К 16 августа 1925 года, когда композитор и Якулов окончательно обсудили характер, содержание и декорации второго акта балета, у Прокофьева набралось изрядно музыкального материала. О чём он и поставил в известность Дягилева: «Я уже довольно много сочинил музыки, русской, часто залихватской, почти всё время диатоничной, на белых клавишах. Словом, белая музыка к красному балету». Очевидно, речь шла о первых тактах «Явления участников», о второй половине «Поезда с мешочниками» и о кусках, вошедших в «Перестройку декораций» между первой и второй картинами.

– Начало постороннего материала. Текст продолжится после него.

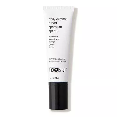 "Otra gran opción para el uso diario es Daily Defense Broad Spectrum SPF 50+ de PCA Skin. Proporciona un amplio espectro de SPF 50+ y también incluye un ingrediente innovador, Ectoin(R), que ofrece protección contra los agresores ambientales como la contaminación. También ayuda a mejorar la función de barrera, que puede verse alterada con la edad y el uso excesivo de productos" -Dr. Spann

Первоначальный план «Урсиньоля» («Стального скока») включал 12 номеров, но один из них — возвращение комиссаров в сопровождении пожарных — был решением композитора и импресарио слит с последующим «Перестройка декораций» как сценически неудачный. Прокофьеву предстояли новые гастроли в США. До отъезда за океан он набело записал первые пять номеров, то есть Явление участников, — Поезд с мешочниками, — Комиссары, — Ирисники и папиросники, — Оратор.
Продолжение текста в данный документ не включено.